Take five tyre brands, each with family car offerings at a similar price point. The tyres are all much of a muchness and they’re priced within $20 of each other. However one offers a warranty that replaces the tyre in the event of damage – hitting a pothole, smacking the pavement, or a rogue bit of metal on the motorway are all covered. I know which one I’m grabbing, even if it is at the higher end of that narrow price band because I’m buying peace of mind that might just make future dealings with this grudge purchase less onerous. Yes, I'm getting a free grudge (insurance) with my grudge (tyres) but it's better than the poke in the eye with a sharp stick that I'm getting from the rest of the usual suspects.

Consider five car insurance policies. Anyone who’s called around to get quotes on car insurance knows that the rates are often pretty darn close to each other and the call centre experience is exactly the same regardless of which company you call. However, let’s say one insurer offers free roadside rescue to policyholders. That’s compelling. Or a ten percent cash-back offer at the end of the year if you don’t make a claim – not as compelling perhaps, but still a step up from the three-eighths of nothing you get from the others. 

There are problems with value-added solutions though – first, they cost money, which has to come from somewhere and second, they’re easily copied by the competition. As soon as one insurer offers a cash-back scheme, the rest follow with a similar deal. Offer a free 20-liter chilly bin with your product or service and your opposition might well up the ante with a 36-litre model. This is where improving the customer’s experience makes more sense. 

For example, an insurer who guarantees to answer all inbound calls about claims in under three rings would stand out more than either of the two previous examples because they’re promising to reduce the pain their customers feel when dealing with the stress of a claim. No more “your call matters to us so please continue to hold while we show you how little it actually matters to us” on-hold marathons. That would definitely work for me and even though this option would be pricey and hard to implement, it would be both effective and tough for the competition to replicate in a hurry.

How about a tyre store that offers a premium service with a classy lounge, tasty coffee, piles of good magazines and even a plate of fresh pastries? That would attract a snobby Audi or Volvo driver’s attention in the same way that friends of mine won’t shop at “Pak and Scrap” because it’s just not as good an experience for them compared to their nearby local flash New World. Again, this type of premium service wouldn’t come cheap but it would be perfect for a select market, especially if the high-end tyres they were after cost the same as they do at the opposition down the road.

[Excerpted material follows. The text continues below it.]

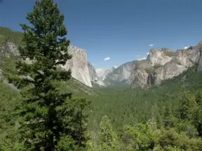 Breathtaking side-on view of half dome, three waterfalls, and the entire stunning valley.
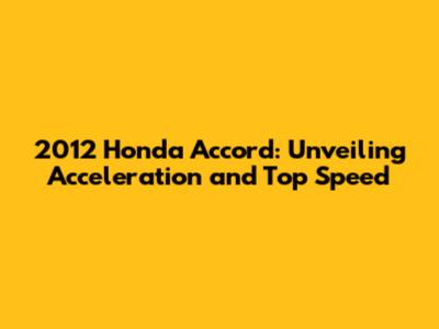 2012 Honda Accord: Acceleration & Speed Insights

I find buying casual clothes to be something of a grudge purchase – it’s tough to find stuff that fits well and I’m not a brand junky at all. So why do I shop for casual gear at Farmers? It’s not because of the wide range of products, or the sale prices (although the latter surely has a lot to do with it). It’s because Farmers behaves more like an American company than any other in NZ when it comes to returns. Swapping items, exchanging gifts or getting credit notes is as easy as pie and this enhanced part of the customer experience makes me inclined to keep shopping there because it reduces my potential stress (again, I’m buying peace of mind).

Take any product that doesn’t genuinely have the marketing built into it. Picture it as a grudge purchase and imagine that you have to sell it to people who don’t want to buy it. Then find ways to sell it that don’t rely on the lowest price or the biggest advertising budget – ramp up the value in an innovative way or even better, improve the customer experience and you’ll sell more than the competition who’re just doing the same things they always did. 

That’s bloody obvious I hear you say, surely everyone in marketing looks beyond the basics? Well no, because this approach relies on an awareness of the big picture starting from the time the product and packaging are designed, and running right through to the way the consumer buys and uses the product. Many agencies can’t see the wood for the trees in this regard.